申し入れを受け入れたのはいいものの、ヨルはまだ気持ちの整理がついていなかった。実際昨日はあんまり眠ることができなかった。自分の事を心配そうに見つめてくれた2人。そしてぎゅーっとしてくれたアーニャ。嬉しかった。嬉しかったから涙が零れてしまった。愛しいという気持ちも嘘なんかじゃなかった。自分は本当の母親ではないけれども、アーニャへの愛情は本物だと思っている。
ではロイドに対してはどうなんだろうか。奥さんの遺志を守ってアーニャをイーデンへ行かせる為に自分を偽物の妻にして、奥さんの事を今でも愛しているからだって、わかっていたはず。それでも私にできる事があるならば応えたいと思っていた。ロイドが私を受け入れてくれたから。必要としてくれているなら。傍にいることが許されている限りは。
少しずつ、心の整理を進めていたヨルだったが、完全に終わらせることができず終業時間を迎えて退社の準備をする。同僚と共に職場の入り口を抜けると、朝の約束通りにロイドが待っていた。ロイドが軽く会釈をすると、同僚たちも会釈をして、ヨルの方をじっと見つめる。

「ロイドさん・・・」
「お疲れ様です、皆さん。ヨルさん。帰りましょうか」
「は、はい!それじゃ皆さんお疲れ様でした」

先に歩みを進めた2人を目にしながら「本当なんで先輩なんだろう」とカミラ以外の2人が呟く。
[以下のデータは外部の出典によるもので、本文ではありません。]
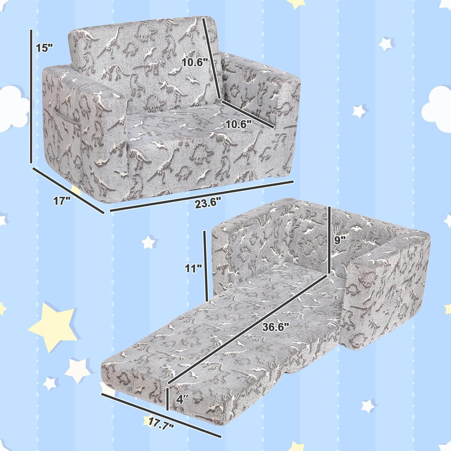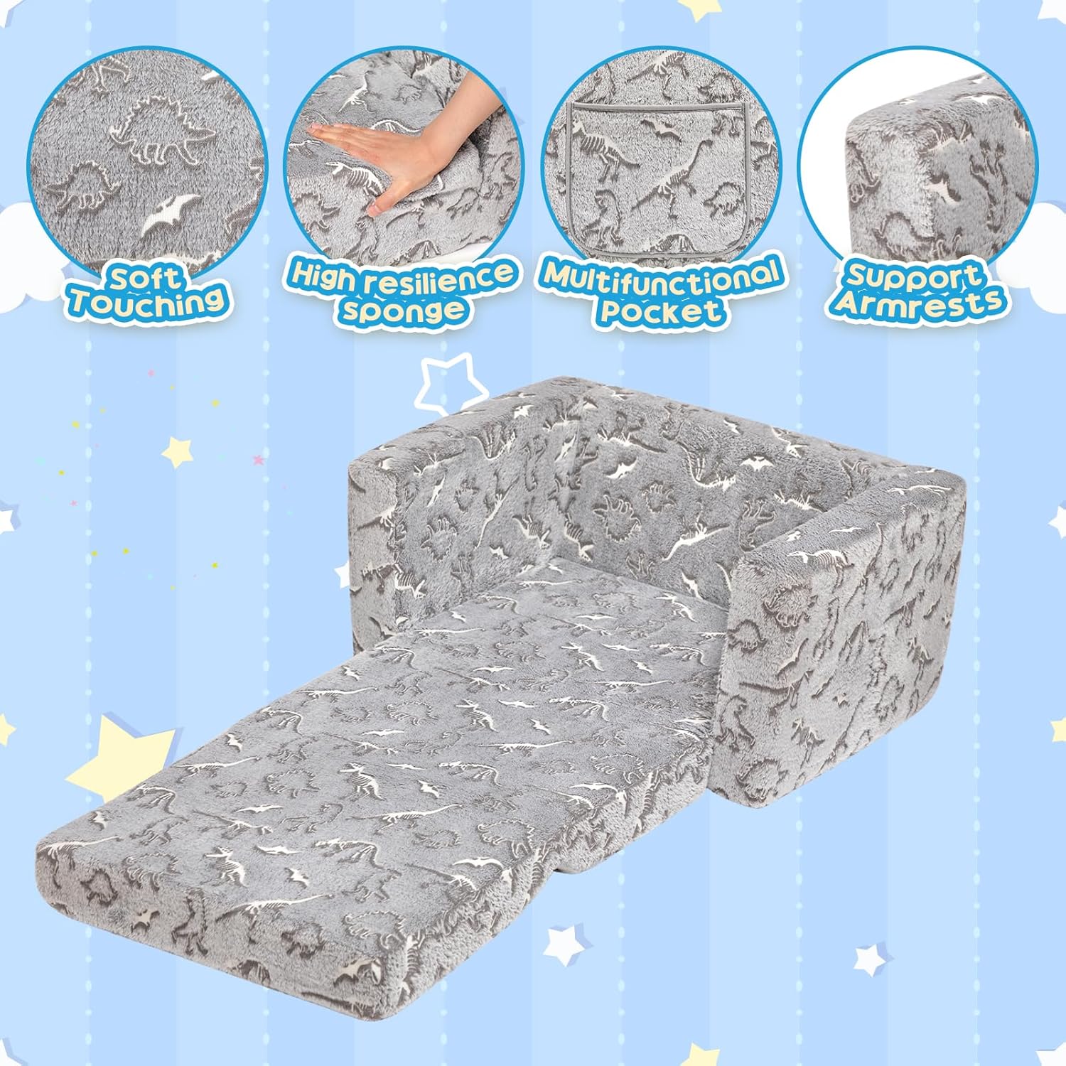 ALIMORDEN 2-in-1 Flip Out Cuddly Sherpa Toddler Couch, Convertible Sofa to Lounger, Glow in The Dark,Dinosaurs
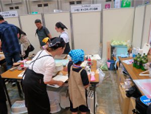 食育推進施策の基本的枠組み 119 2025/04/23 コラム:「第14回食育推進全国大会inやまなし」を通じた食育の普及啓発 「第14回食育推進全国大会inやまなし」は、令和元(2019)年6月29日、30日の2日間にわたり、山梨県甲府市(こうふし)の山梨県立産業展示交流館アイメッセ山梨をメイン会場に、「食がつなぐ人と未来~健康寿命日本一の富士の国やまなしから全国へ~」をテーマとして、140の展示ブース、26の講演会等のイベントが行われました。 第3回食育活動表彰受賞事例発表会 展示ブースにおいては、食育に関するパネルやパンフレット等の展示、料理や出汁の試食・試飲、「お菓子づくり」や「お茶の入れ方」等の体験コーナー、郷土料理の料理教室等、各団体が趣向を凝らした内容の催しを行いました。また、「やまなしの食」を考えるシンポジウム、食品ロス削減に関するトークショー等も行われ、来場者に楽しみながら食育について考えていただきました。 子供の調理体験 メインステージでは、「第3回食育活動表彰受賞事例発表会~食がつなぐ人と未来~」を開催しました。受賞団体の有限会社蔵王(ざおう)マウンテンファームから酪農体験学習の事例、山梨県立ひばりが丘高等学校うどん部から高校の部活動としての「うどん部」の活動事例、気まぐれ八百屋だんだんから子供食堂を通じた共食の事例、山梨学院短期大学から大学における食育推進ボランティア活動の事例が発表されました。コーディネーターからは、「4団体の事例に共通することは地元、地域の取組であり、地元の土や水を使うことが未来の食の姿ではないか」とのコメントがありました。 また、第3次基本計画では、「健康寿命の延伸につながる食育」を重点課題としていることから、開催地山梨県の特徴となっている「健康寿命日本一」に関わる「健康寿命の延伸と食育の重要性」をテーマとした食育セミナーを開催しました。セミナーの講師からは、高血圧による健康への影響を始めとした医学的な知見や減塩醤油を使ったおいしい病院食への挑戦を中心に、健康寿命を延伸するための日々の食生活の改善についての講演がありました。 本大会の来場者は、2日間で約2万2千人となり、様々な催しを楽しみながら、食育について改めて考える機会となりました。

「本人たちにしか通じ合わない所があったんじゃない?」

そう言ったカミラだったが、改めてロイドの姿を目の当たりにし、ちょっとヨルに余計な質問をしてしまったのは不躾だったかもしれないなと、心の中で小さく謝罪した。




「今日は少し寄りたい所があるんです」

いつも歩いている場所とは別の道を歩いているため、確かにヨルは不思議に思っていたが、その寄りたい所に到着した時にヨルはあっと驚いて口を手で押さえる。その場所はかつて3人で初めて出かけた時にヨルが教えてくれた街外れの公園だった。この場所をロイドが覚えていてくれていて、ヨルはロイドの方をちらっと見つめた。もちろんロイドが視線に気づかないわけがないので、目を合わせるとにこっと微笑んだ。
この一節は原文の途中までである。